Partenze verso il Regno Unito: scatta l’obbligo del permesso digitale per gli italiani

Chi parte per turismo o brevi permanenze deve adempiere alla procedura sul portale governativo entro tre giorni lavorativi dall’invio della domanda.

Partenze verso il Regno Unito: scatta l’obbligo del permesso digitale per gli italiani
Da domani, mercoledì 25 febbraio 2026, i cittadini italiani che intendono recarsi nel Regno Unito per turismo o per soggiorni di breve durata – fino a un massimo di sei mesi – dovranno essere in possesso di un’autorizzazione elettronica di viaggio. Il provvedimento si inserisce nel quadro delle nuove disposizioni di frontiera adottate dalle autorità britanniche.
 
L’autorizzazione viene associata al passaporto italiano e conserva validità per due anni, oppure fino alla scadenza del documento di viaggio qualora la residua sia inferiore al biennio. Si rammenta che la carta d’identità, nella versione cartacea o elettronica, non abilita all’ingresso oltremanica. Le compagnie aeree procederanno alla verifica documentale prima della partenza, potendo impedire l’imbarco a chi risulti sprovvisto del titolo richiesto.

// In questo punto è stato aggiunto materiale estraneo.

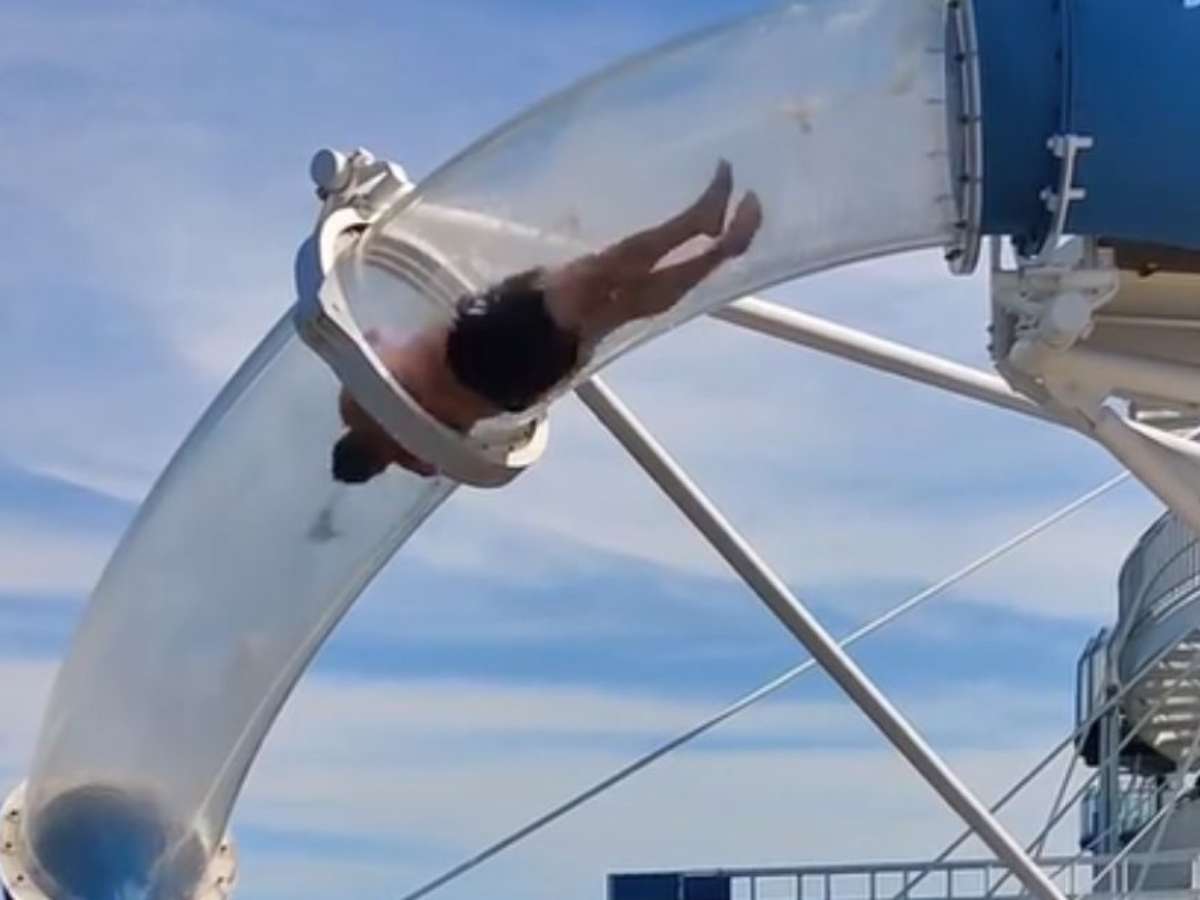 Uma passageira de cruzeiro ficou presa em um toboágua transparente 48 metros acima do mar. O vídeo que registra o incidente viralizou nas redes sociais foi gravado por um outro turista não identificado.

Richiesta rapida ma con cautela

La procedura di richiesta si svolge in modalità telematica, tramite l’applicazione ufficiale o il portale www.Gov.UK, al costo attuale di sedici sterline. La maggior parte delle istanze riceve riscontro automatico in pochi minuti; tuttavia si consiglia di prevedere tre giorni lavorativi per i casi che dovessero richiedere accertamenti supplementari. Occorre prestare attenzione ai numerosi portali non istituzionali che offrono il medesimo servizio applicando maggiorazioni di prezzo, talvolta considerevoli.

Per studio e lavoro serve il visto

Per i connazionali che si recano in Gran Bretagna per motivi di studio o di lavoro, permane l’obbligo di richiedere un visto elettronico. Tutti i titolari di tale autorizzazione, inclusi i minori, dovranno creare un profilo personale presso il sistema britannico per visti e immigrazione per consultare la propria posizione e aggiornare i dati del documento di viaggio.

Chi è esonerato dall’adempimento

Non sono tenuti a richiedere l’autorizzazione i cittadini italiani già in possesso di una posizione giuridica di immigrazione nel Regno Unito o di un’esenzione specifica, ad esempio tramite il sistema di insediamento per cittadini dell’Unione (con posizione consolidata o temporanea) o un visto per lavoro o studio. A costoro si raccomanda tuttavia di mantenere aggiornati i propri dati sul portale dedicato.

Cittadini con doppia nazionalità

I titolari di doppia cittadinanza italiana e britannica, nonché i loro figli nella medesima condizione, non possono ottenere l’autorizzazione elettronica. Lo stesso vale per i cittadini britannici, anche se in possesso di altre nazionalità. L’accesso al Regno Unito per questi soggetti è consentito esclusivamente mediante passaporto britannico valido, oppure tramite passaporto italiano accompagnato dal certificato di diritto di residenza.